From: Marina Polyakova <m(dot)polyakova(at)postgrespro(dot)ru>
To: Fabien COELHO <coelho(at)cri(dot)ensmp(dot)fr>
Cc: pgsql-hackers(at)postgresql(dot)org, Alvaro Herrera <alvherre(at)2ndquadrant(dot)com>, Ildus Kurbangaliev <i(dot)kurbangaliev(at)postgrespro(dot)ru>, Teodor Sigaev <teodor(at)sigaev(dot)ru>
Subject: Re: [HACKERS] WIP Patch: Pgbench Serialization and deadlock errors
Date: 2018-08-09 15:17:22
Message-ID: fcc2512cdc9e6bc49d3b489181f454da@postgrespro.ru
Views: Raw Message | Whole Thread | Download mbox | Resend email
Thread:
Lists: pgsql-hackers

On 09-08-2018 12:28, Fabien COELHO wrote:
> Hello Marina,

Hello!

>> v10-0002-Pgbench-errors-use-a-separate-function-to-report.patch
>> - a patch for a separate error reporting function (this is used to
>> report client failures that do not cause an aborts and this depends on
>> the level of debugging).
>
> Patch applies cleanly, compiles, global & local make check ok.

:-)

> This patch improves/homogenizes logging & error reporting in pgbench,
> in preparation for another patch which will manage transaction
> restarts in some cases.
>
> However ISTM that it is not as necessary as the previous one, i.e. we
> could do without it to get the desired feature, so I see it more as a
> refactoring done "in passing", and I'm wondering whether it is really
> worth it because it adds some new complexity, so I'm not sure of the
> net benefit.

We discussed this starting with [1]:

>>>> IMO this patch is more controversial than the other ones.
>>>>
>>>> It is not really related to the aim of the patch series, which could
>>>> do without, couldn't it?
>>>
>>>> I'd suggest that it should be an independent submission, unrelated
>>>> to
>>>> the pgbench error management patch.
>>>
>>> I suppose that this is related; because of my patch there may be a
>>> lot
>>> of such code (see v7 in [1]):
>>>
>>> - fprintf(stderr,
>>> - "malformed variable \"%s\" value: \"%s\"\n",
>>> - var->name, var->svalue);
>>> + if (debug_level >= DEBUG_FAILS)
>>> + {
>>> + fprintf(stderr,
>>> + "malformed variable \"%s\" value: \"%s\"\n",
>>> + var->name, var->svalue);
>>> + }
>>>
>>> - if (debug)
>>> + if (debug_level >= DEBUG_ALL)
>>> fprintf(stderr, "client %d sending %s\n", st->id, sql);
>>
>> I'm not sure that debug messages needs to be kept after debug, if it
>> is
>> about debugging pgbench itself. That is debatable.
>
> AFAICS it is not about debugging pgbench itself, but about more
> detailed
> information that can be used to understand what exactly happened during
> its launch. In the case of errors this helps to distinguish between
> failures or errors by type (including which limit for retries was
> violated and how far it was exceeded for the serialization/deadlock
> errors).
>
>>> That's why it was suggested to make the error function which hides
>>> all
>>> these things (see [2]):
>>>
>>> There is a lot of checks like "if (debug_level >= DEBUG_FAILS)" with
>>> corresponding fprintf(stderr..) I think it's time to do it like in
>>> the
>>> main code, wrap with some function like log(level, msg).
>>
>> Yep. I did not wrote that, but I agree with an "elog" suggestion to
>> switch
>>
>> if (...) { fprintf(...); exit/abort/continue/... }
>>
>> to a simpler:
>>
>> elog(level, ...)

> Anyway, I still have quite a few comments/suggestions on this version.

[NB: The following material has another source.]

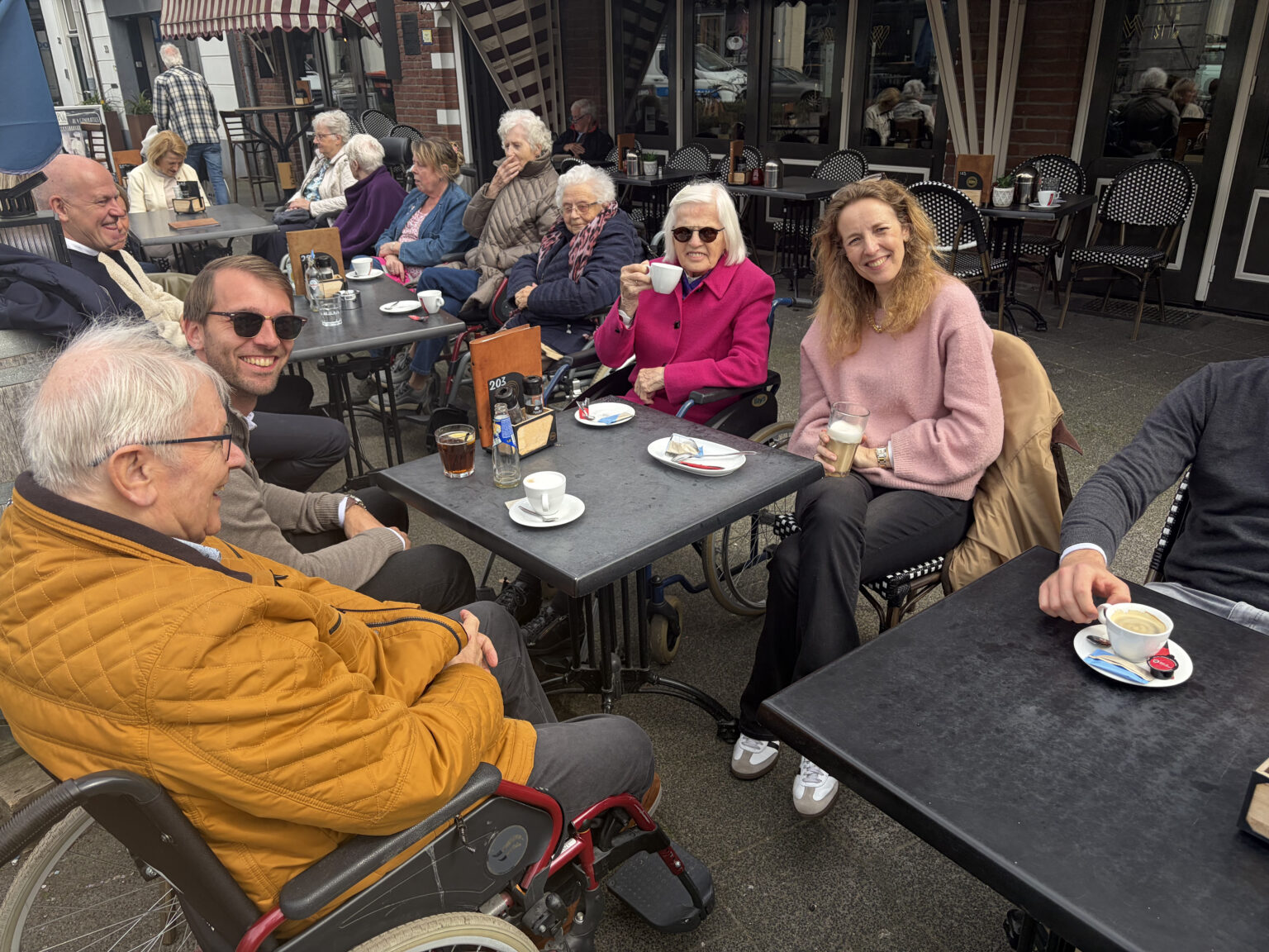Onder een stralende zon genoten de bewoners van Thebe de Heuvel van een heerlijke wandeling richting de Haagse Markt in Princenhage, een uitje waarbij de kracht van eenvoud centraal stond. Bij Het Roode Hert werd de wandeling bekroond met koffie, borrelplanken en vooral heel veel goede gesprekken, wat zorgde voor een golf van herkenning en energie bij de deelnemers. Sylvia (Thebe de Heuvel) zag bewoners letterlijk opbloeien: “Het is prachtig om te zien hoe iemand die normaal veel slaapt nu honderduit praat over vroeger; aan zo’n middag hebben ze genoeg.” Ook Irene van de Kerkhof (Koch Advocaten) genoot van de waardevolle verhalen over Breda en de bijzondere band met Princenhage. Voor de bewoners zelf betekende het uitje meer dan alleen een frisse neus, zoals één van hen treffend omschreef: “Ik heb weer het gevoel dat ik leef en onderdeel ben van de maatschappij; nu heb ik weer een nieuw verhaal te vertellen als er bezoek komt.”

Thank you very much for them!

> * ErrorLevel
>
> If ErrorLevel is used for things which are not errors, its name should
> not include "Error"? Maybe "LogLevel"?

On the one hand, this sounds better for me too. On the other hand, will
not this be in some kind of conflict with error level codes in elog.h?..

/* Error level codes */
#define DEBUG5 10 /* Debugging messages, in categories of
* decreasing detail. */
#define DEBUG4 11
...

> I'm at odds with the proposed levels. ISTM that pgbench internal
> errors which warrant an immediate exit should be dubbed "FATAL",

Ok!

> which
> would leave the "ERROR" name for... errors, eg SQL errors. I'd suggest
> to use an INFO level for the PGBENCH_DEBUG function, and to keep LOG
> for main program messages, so that all use case are separate. Or,
> maybe the distinction between LOG/INFO is unclear so info is not
> necessary.

The messages of the errors in SQL and meta commands are printed only if
the option --debug-fails is used so I'm not sure that they should have a
higher error level than main program messages (ERROR vs LOG). About an
INFO level for the PGBENCH_DEBUG function - ISTM that some main program
messages such as "dropping old tables...\n" or ..." tuples (%d%%) done
(elapsed %.2f s, remaining %.2f s)\n" can also use it.. About that all
use cases were separate - in the current version the level LOG also
includes messages about abortions of the clients.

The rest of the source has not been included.